Fig. 7: In silico and in vitro assessment of the hACE2 receptor binding potential of a potentially zoonotic SARS-related coronavirus.

a Top, homology-modeling structure of the receptor-binding ___domain (RBD) of Bat SARS-like coronavirus CX1 in complex with human angiotensin-converting enzyme 2 (hACE2). Blue-colored residues on RBD indicate amino acid differences compared with SARS-CoV-2 Wuhan-Hu-1. Bottom, alignment of RBD sequences (residues T333 to G526 of spike protein) of Bat SARS-like coronavirus CX1, SARS-CoV-2 Wuhan-Hu-1 and two closely related bat coronavirus. Only polymorphic sites are shown.
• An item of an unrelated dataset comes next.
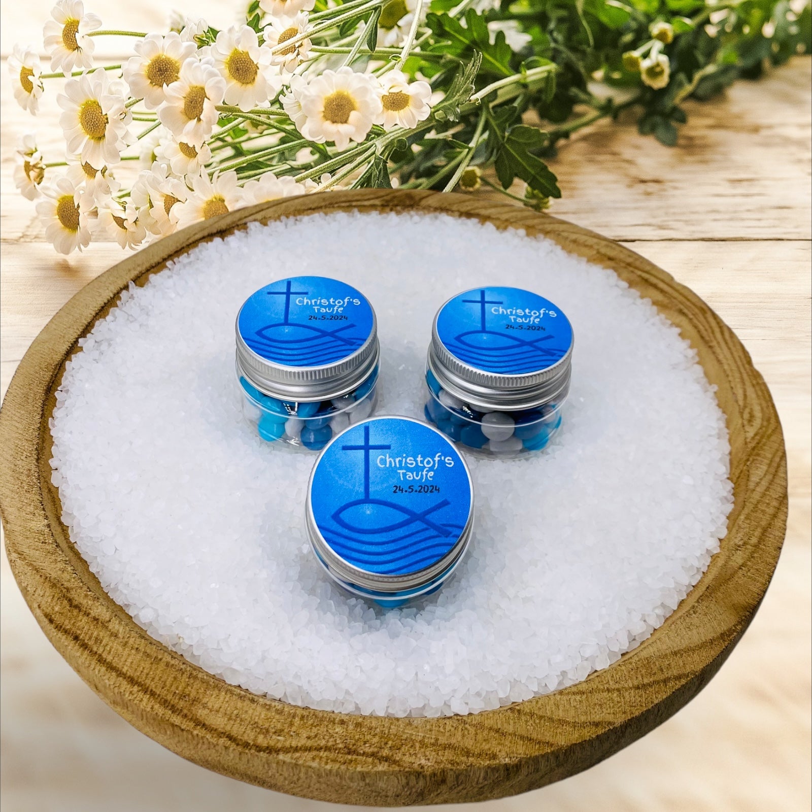 Fordyb dig i den magiske atmosfære af dåb, nadver, konfirmation eller konfirmation med vores unikke gæstegaver. Præsenteret i en elegant krukke (43 mm x 38 mm), tilbyder vi dig en omhyggeligt sammensat blanding af chokoladeknapper i de beroligende farver blå, hvid og turkis. Disse små delikatesser er ikke kun en sød fristelse, men også en kærlig påmindelse om den særlige lejlighed.

The five amino acid differences in the RBD of Bat SARS-like coronavirus CX1 compared to SARS-CoV-2 Wuhan-Hu-1 are marked with blue dots. b Molecular dynamics simulation results of binding energy  (top) and binding stability (bottom) of Bat SARS-like coronavirus CX1 RBD-hACE2 complex. c The binding capability of SARS-CoV, SARS-CoV-2 and Bat SARS-like coronavirus CX1 RBD proteins to hACE2 protein was tested with various concentrations of the RBD proteins via ELISA. d The binding kinetics was determined by the biolayer interferometry (BLI) binding analysis. The purified hACE2 were coated on the sensor followed by the injection of various concentrations of SARS-CoV, SARS-CoV-2 and Bat SARS-like coronavirus CX1 RBD proteins. Source data are provided as a Source Data file.